REQUIRED ACTION: The output must contain exactly the lines from the top of the listing below through the line containing "Der er adgang", and no pictures.

- - - - - - -

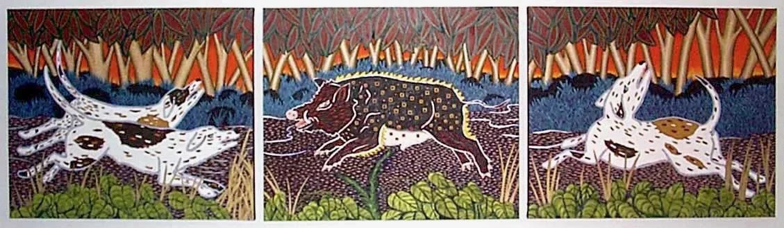 “Boar and Barking Dogs" 3’ x 9’, triptych - Private Dining Area
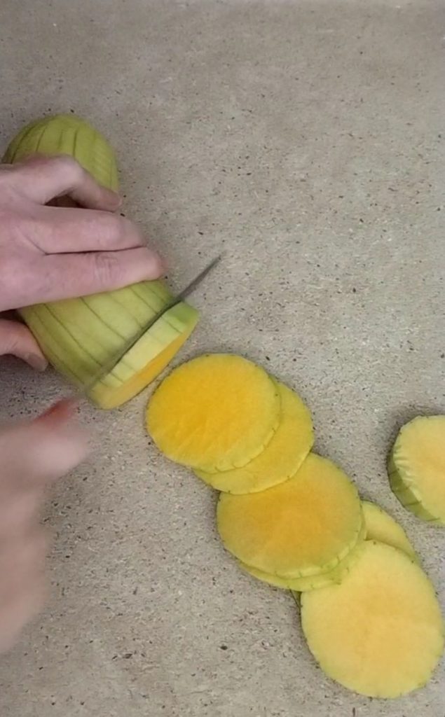 Schälen Sie den Kürbis, ich benutze normalerweise einen Sparschäler. Schneiden Sie ihn in nicht zu dünne Scheiben.
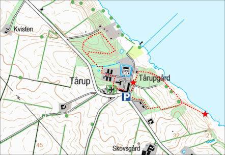 Der er adgang fra en P-plads foran gården. Her er opsat en informationstavle - se den her, der viser de 2 afmærkede vandreruter.
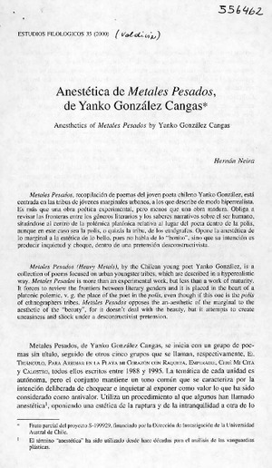 Anestética de Metales Pesados, de Yanko González Cangas [artículo] Hernán Neira Estudios filológicos. -- no. 35 (2000), p. 207-221 .
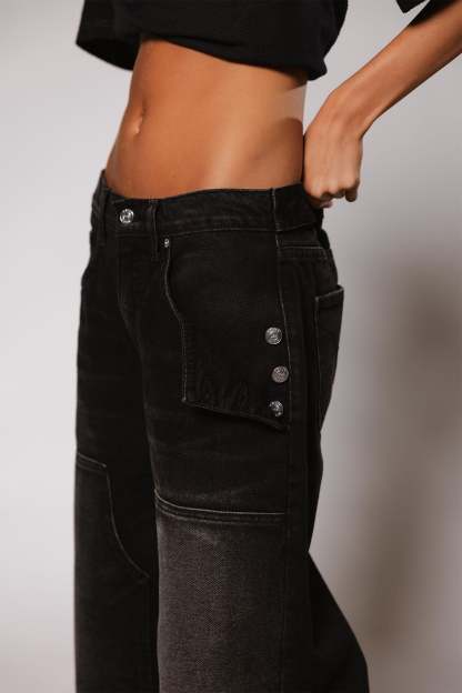 Your go-to fall jean is here! The Mason Jean is meticulously designed to effortlessly transition from low-rise to mid-rise for not only customizable comfort but unlimited ways to style. The Mason features a carpenter patch and adjustable side pocket details, combining style with practicality. With its unique front pocket flap detail, these jeans offer a distinctive one-of-a-kind touch to elevate your look effortlessly. Size up for a baggier look.
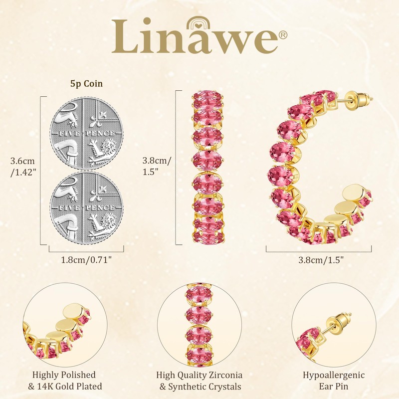 Linawe Chunky Gold Hoop Earrings for Women Trendy, Magenta Hot Pink Huggie Hoop Earrings, Hypoallergenic Birthstone Cubic Zirconia Rhinestone Imitation Diamond Large Big Half Hoop
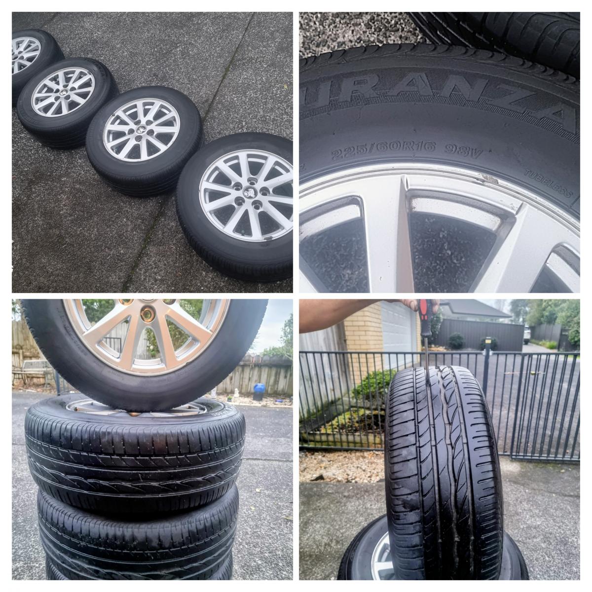 Set of 4 genuine Holden VF factory 16” alloy rims with Bridgestone Turanza tyres.
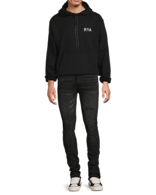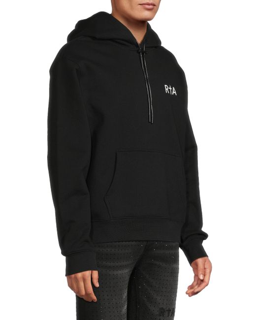 Crafted of cotton, the Dion hoodie features RTA's cross logo on the left chest and on the reverse. A kangaroo pocket and rib-knit trim lend added comfort to this style. Hood Long sleeves Kangaroo pocket Rib-knit trim Pulls over 100% cotton Machine wash Imported SIZE & FIT Regular fit About 27.5" from shoulder to hem Model measurements: 6'2" tall, 40" chest, 31" waist Model is wearing a US size Medium. Mens Denim & Contemp - Contemp Denim And Bottom > Rta > Saks Fifth Avenue > Barneys. RTA. Color: Black White Cross. Size: XXL.

- - - - - - -

RESPONSE BOX:
 “Boar and Barking Dogs" 3’ x 9’, triptych - Private Dining Area
 Schälen Sie den Kürbis, ich benutze normalerweise einen Sparschäler. Schneiden Sie ihn in nicht zu dünne Scheiben.
 Der er adgang fra en P-plads foran gården. Her er opsat en informationstavle - se den her, der viser de 2 afmærkede vandreruter.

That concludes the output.